* _Supplied records_
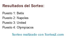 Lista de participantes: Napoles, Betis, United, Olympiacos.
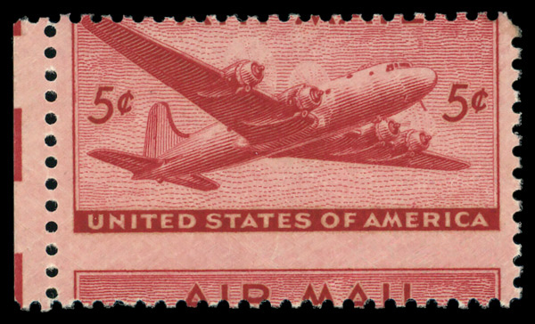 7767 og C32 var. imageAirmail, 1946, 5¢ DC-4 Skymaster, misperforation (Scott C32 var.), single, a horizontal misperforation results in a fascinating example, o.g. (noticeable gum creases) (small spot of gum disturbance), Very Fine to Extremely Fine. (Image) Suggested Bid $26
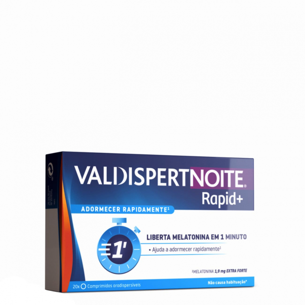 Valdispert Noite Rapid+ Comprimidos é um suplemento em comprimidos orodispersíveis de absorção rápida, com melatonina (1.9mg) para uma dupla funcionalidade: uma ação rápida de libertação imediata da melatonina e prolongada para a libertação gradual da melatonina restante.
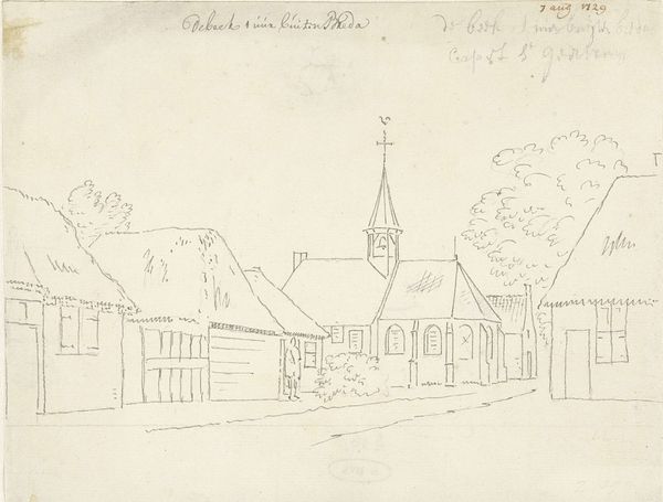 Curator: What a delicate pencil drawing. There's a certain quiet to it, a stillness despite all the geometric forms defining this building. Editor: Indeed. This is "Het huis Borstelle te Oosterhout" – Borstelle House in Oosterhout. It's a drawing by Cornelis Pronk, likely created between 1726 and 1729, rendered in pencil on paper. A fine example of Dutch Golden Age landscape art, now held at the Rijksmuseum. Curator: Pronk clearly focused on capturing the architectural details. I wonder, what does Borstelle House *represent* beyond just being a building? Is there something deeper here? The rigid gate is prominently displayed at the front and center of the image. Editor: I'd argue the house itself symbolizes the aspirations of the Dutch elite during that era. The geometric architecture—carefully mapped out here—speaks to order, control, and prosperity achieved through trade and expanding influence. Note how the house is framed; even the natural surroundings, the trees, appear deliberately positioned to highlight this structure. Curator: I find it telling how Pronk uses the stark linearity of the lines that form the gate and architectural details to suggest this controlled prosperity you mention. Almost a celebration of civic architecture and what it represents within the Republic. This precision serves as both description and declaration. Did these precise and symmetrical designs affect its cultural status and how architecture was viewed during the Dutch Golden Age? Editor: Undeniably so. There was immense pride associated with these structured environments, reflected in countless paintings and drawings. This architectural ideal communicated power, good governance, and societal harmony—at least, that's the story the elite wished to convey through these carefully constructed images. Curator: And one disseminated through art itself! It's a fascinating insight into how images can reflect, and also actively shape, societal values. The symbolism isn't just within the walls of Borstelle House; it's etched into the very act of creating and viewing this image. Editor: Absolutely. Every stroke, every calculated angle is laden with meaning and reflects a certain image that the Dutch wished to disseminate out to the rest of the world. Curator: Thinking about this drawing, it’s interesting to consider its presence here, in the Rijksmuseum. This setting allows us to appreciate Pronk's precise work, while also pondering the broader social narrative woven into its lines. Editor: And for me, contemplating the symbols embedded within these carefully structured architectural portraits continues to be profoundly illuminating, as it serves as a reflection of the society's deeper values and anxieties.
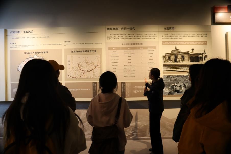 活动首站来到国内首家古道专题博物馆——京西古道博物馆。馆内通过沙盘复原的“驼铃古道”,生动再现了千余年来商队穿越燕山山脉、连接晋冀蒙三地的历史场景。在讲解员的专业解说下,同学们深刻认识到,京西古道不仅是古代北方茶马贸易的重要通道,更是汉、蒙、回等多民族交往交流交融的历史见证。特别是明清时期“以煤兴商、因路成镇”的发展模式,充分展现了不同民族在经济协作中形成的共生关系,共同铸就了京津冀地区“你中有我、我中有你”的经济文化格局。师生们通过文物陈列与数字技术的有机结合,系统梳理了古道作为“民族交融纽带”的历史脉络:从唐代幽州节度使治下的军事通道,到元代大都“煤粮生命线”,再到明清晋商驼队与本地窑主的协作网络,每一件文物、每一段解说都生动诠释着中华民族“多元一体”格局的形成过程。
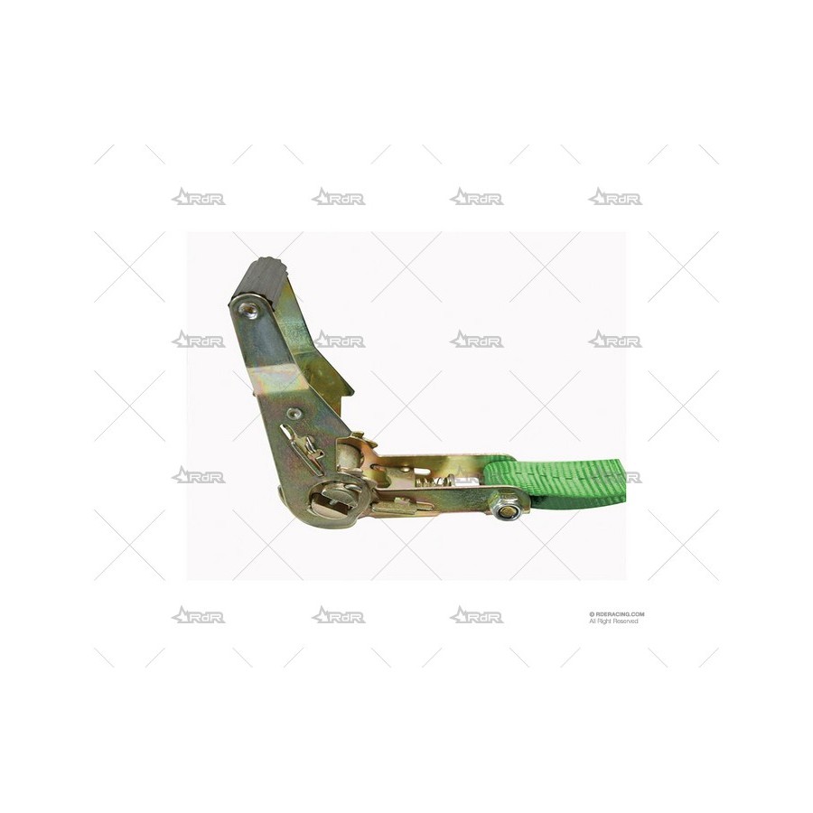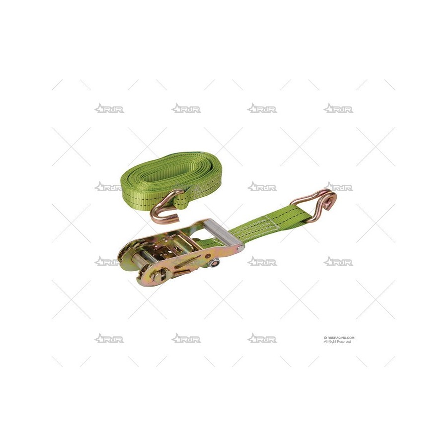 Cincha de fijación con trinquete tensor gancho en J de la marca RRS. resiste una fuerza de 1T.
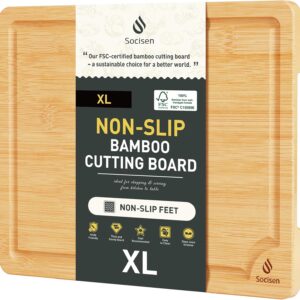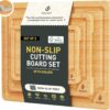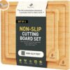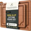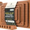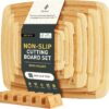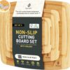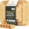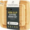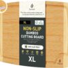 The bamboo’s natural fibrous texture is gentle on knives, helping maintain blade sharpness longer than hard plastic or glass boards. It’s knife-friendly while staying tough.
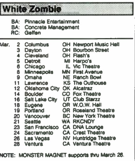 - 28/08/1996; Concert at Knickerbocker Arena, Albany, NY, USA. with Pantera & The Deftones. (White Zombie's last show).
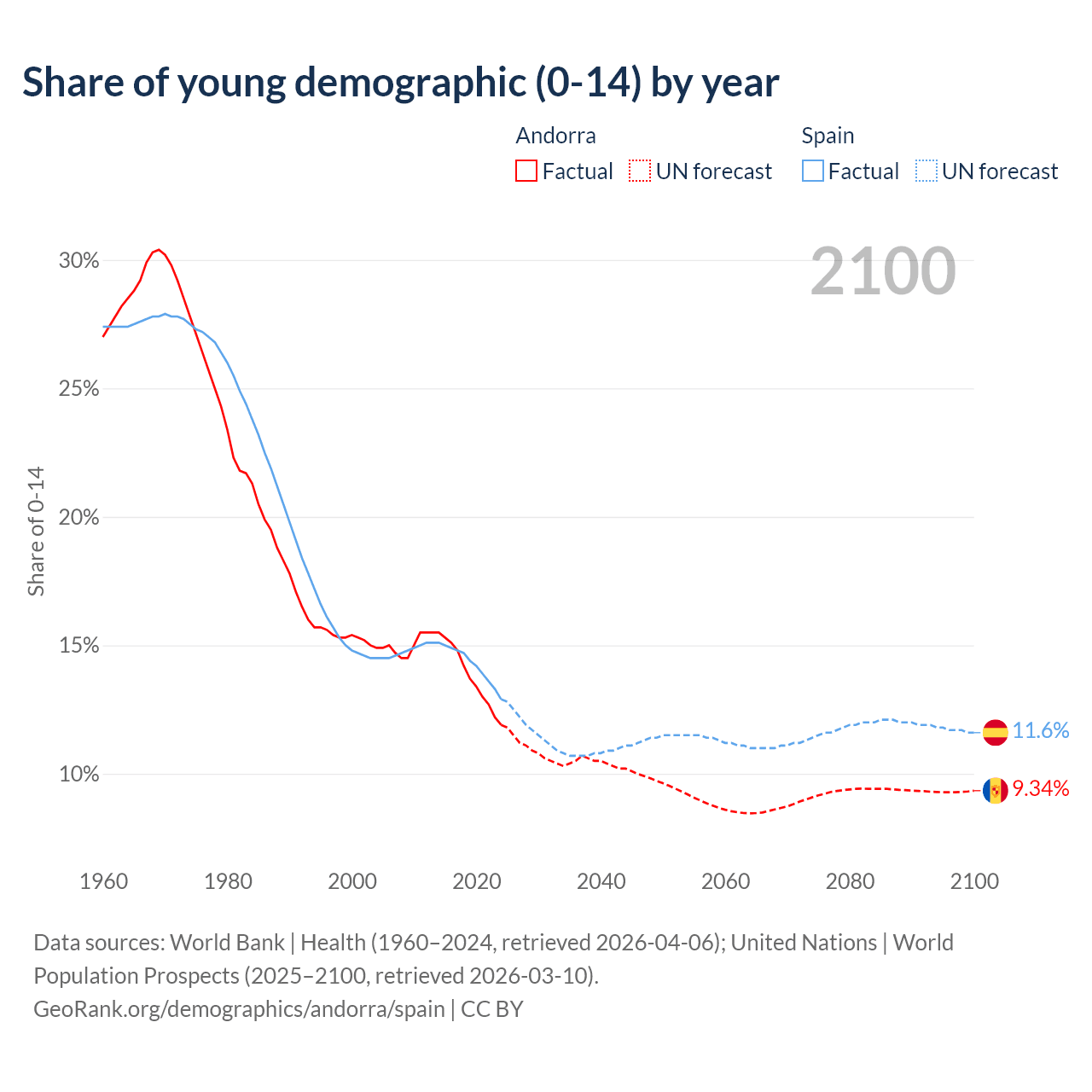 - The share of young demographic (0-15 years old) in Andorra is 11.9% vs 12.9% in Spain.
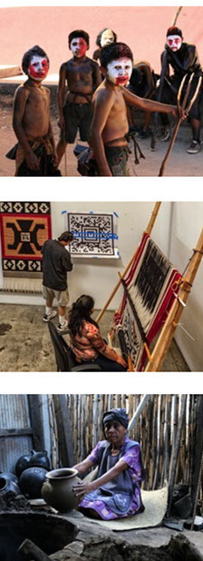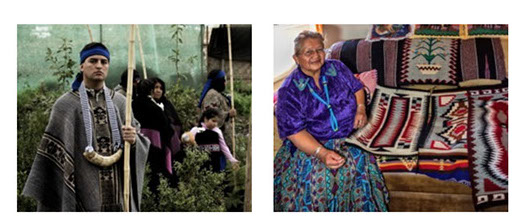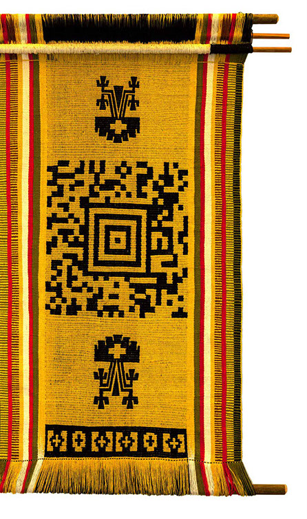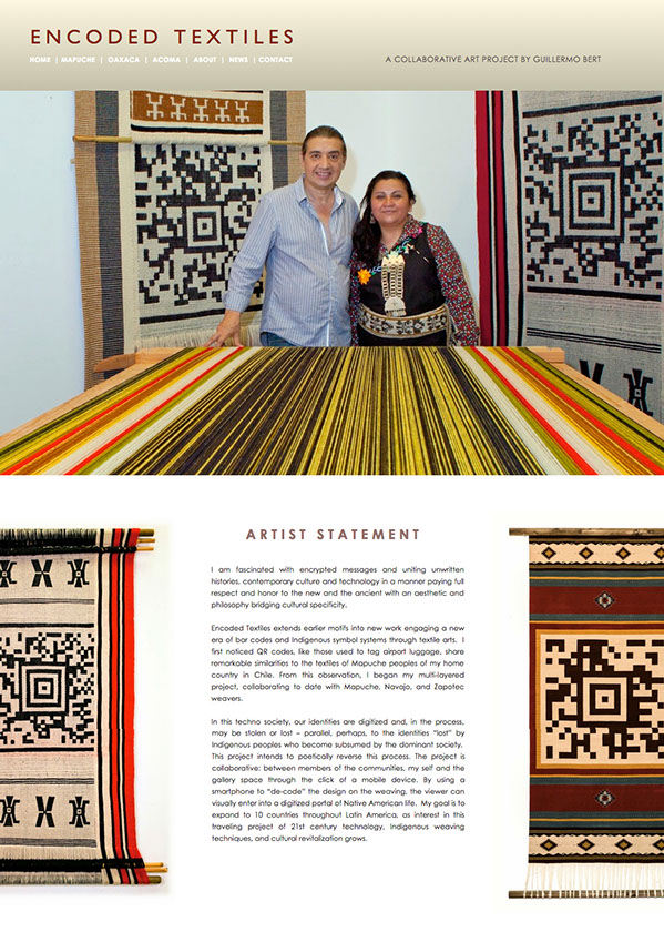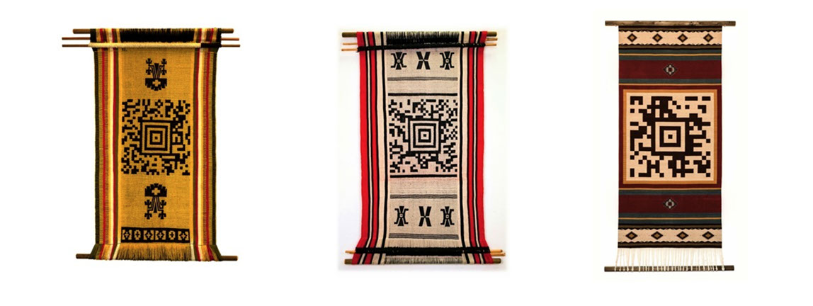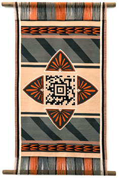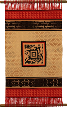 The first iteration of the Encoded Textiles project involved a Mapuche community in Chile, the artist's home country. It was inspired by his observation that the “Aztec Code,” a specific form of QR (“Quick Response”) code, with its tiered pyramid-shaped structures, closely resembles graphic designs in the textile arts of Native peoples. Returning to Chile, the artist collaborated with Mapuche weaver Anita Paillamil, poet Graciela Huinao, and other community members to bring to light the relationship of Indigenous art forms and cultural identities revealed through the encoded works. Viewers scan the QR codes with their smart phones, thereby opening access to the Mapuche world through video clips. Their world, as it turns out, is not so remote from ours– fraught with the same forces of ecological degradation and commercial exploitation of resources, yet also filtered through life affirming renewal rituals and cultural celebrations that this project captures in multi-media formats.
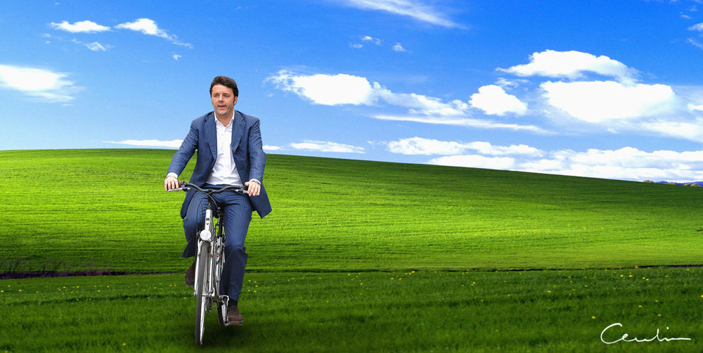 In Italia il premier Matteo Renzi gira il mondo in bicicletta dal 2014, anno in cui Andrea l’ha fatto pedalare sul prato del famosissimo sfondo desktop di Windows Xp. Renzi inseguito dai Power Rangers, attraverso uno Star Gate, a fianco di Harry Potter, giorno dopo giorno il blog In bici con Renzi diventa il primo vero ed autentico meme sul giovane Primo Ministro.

* _Task brief_
Give back exactly, and solely, the section of the data above bounded by the line containing "- 28/08/1996; Concert" and the line containing "- The share", both bounding lines included and pictures omitted.

* _Exercise response_
 - 28/08/1996; Concert at Knickerbocker Arena, Albany, NY, USA. with Pantera & The Deftones. (White Zombie's last show).
 - The share of young demographic (0-15 years old) in Andorra is 11.9% vs 12.9% in Spain.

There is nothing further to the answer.